Tommy Roy can see the Ryder Cup from almost every conceivable angle. Roy, lead producer for of NBC Sports and Golf Channel, will have 67 different cameras at his disposal to tell the story of golf's greatest event. If It happens at Gleneagles, Roy won't miss it.

On Friday, a year's worth of planning and preparation will manifest itself on millions of TV screens as golf die-hards and the casually curious will see if the Americans can take back the Ryder Cup.

Roy and his team kicked off this journey last summer, visiting Gleneagles for the European Tour's Johnnie Walker Championship, staged annually at the resort. They learned how the European Tour's in-house production team broadcasts the event and built on top of that for this event. From cameras, to talent scheduling to figuring when to use 27 full pages of statistical nuggets during the broadcast, Roy's hand has touched it all.
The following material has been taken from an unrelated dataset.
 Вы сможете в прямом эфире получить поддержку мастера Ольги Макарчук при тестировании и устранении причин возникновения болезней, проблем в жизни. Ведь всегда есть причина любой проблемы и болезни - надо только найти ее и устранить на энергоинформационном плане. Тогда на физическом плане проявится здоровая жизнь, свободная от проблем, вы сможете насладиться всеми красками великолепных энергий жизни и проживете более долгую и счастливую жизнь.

Normally, Roy would find himself in a production truck on-site, maestro to the broadcast. However, the team learned a year ago it wouldn't have access to the kind of truck they need to beam NBC's Ryder Cup coverage back to the States. So they built a 5,100-square-foot production house from scratch and brought in the equipment to run the entire operation -- something the team hasn't had to do since the 2003 Presidents Cup in South Africa.
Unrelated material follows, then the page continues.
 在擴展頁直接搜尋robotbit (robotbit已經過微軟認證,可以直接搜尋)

"It's very similar to what you have with the Olympics and there's an International Broadcast Center," Roy explained Monday. "Everyone works out of one building."

That might seem like a lot for what amounts to a spectacle that's much smaller than your week-to-week PGA Tour event. On Friday and Saturday, there are no more than four matches on the course. Over the course of the day, there are only 32 players to follow. Sunday will see 12 matches tee off, but, almost assuredly, they won't all ever be unfolding simultaneously. But Roy doesn't see the story of the Ryder Cup as that of your standard-issue, medal-play tournament. The Ryder Cup isn't so much about counting strokes as conveying emotion, and Roy has aligned his resources to share, as Roone Arledge said, "the human drama of athletic competition."
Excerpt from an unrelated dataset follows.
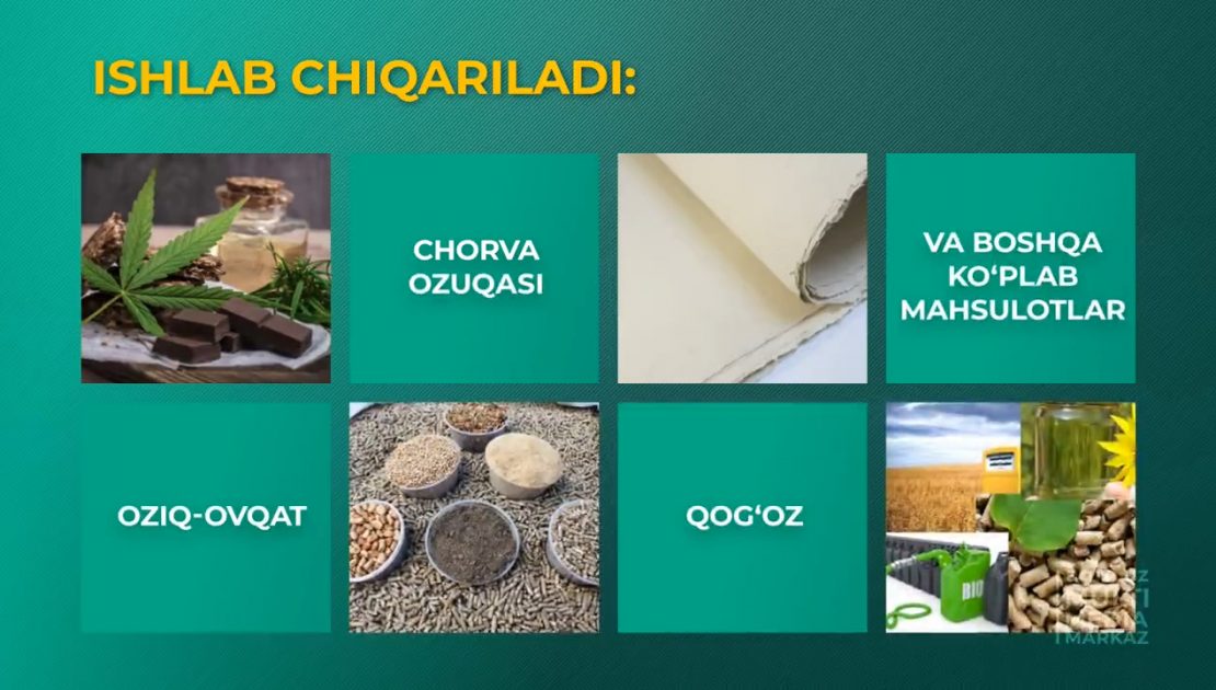 «В настоящее время в нашей стране технический каннабис выращивается как сельскохозяйственная культура. Из него получают масло и продукты волокна. Например, из технической конопли, выращенной на 1 га, можно получить 3-4 тонны волокна, 500 кг – 1 тонну масла, используемого в пищевой промышленности. Следует отметить, что другие проекты по выращиванию технической конопли в настоящее время изучаются Минсельхозом РУ. В частности, такой проект был лицензирован и запускается в Кызылтепинском районе Навоийской области. Также рассматриваются проекты для реализации в Бухарской и Самаркандской областях», – сказал начальник главного управления агротехнологий выращивания сельскохозяйственных культур Зафар Артыков.

"I have super slo-mo cameras to see Ian Poulter's eyes after he makes a putt," Roy said with a chuckle.

Roy is charged with telling the American side of the story, but match play is tricky in that regard. A hole can be won as much as it can be lost. An American could win the hole with a birdie putt or the European opponent could lose it by missing theirs. How that hole is shared on-air is Roy's call, however, it's done with a bias toward the red, white and blue.

"We try not to be jingoistic," Roy said. "We try to be balanced, but there is a definitive side of each story."

What makes sport compelling is that, unlike most other NBC programming, the story is unscripted. It can't be predicted. For an American audience, a close U.S. win is the perfect tale to tell. However, with the European side favored for a third-consecutive win, it's very well possible the American opponent could find itself in cruise control on Singles Sunday. If that's the case, however, Roy said the NBC approach doesn't change.

"The Ryder Cup lends itself to incredible shotmaking, incredible putting," Roy said, "so the action really carries it whether it's a blowout or not. If you're a golf fan, getting a chance to watch the world's greatest players do what they do under this intense pressure, it's still intriguing."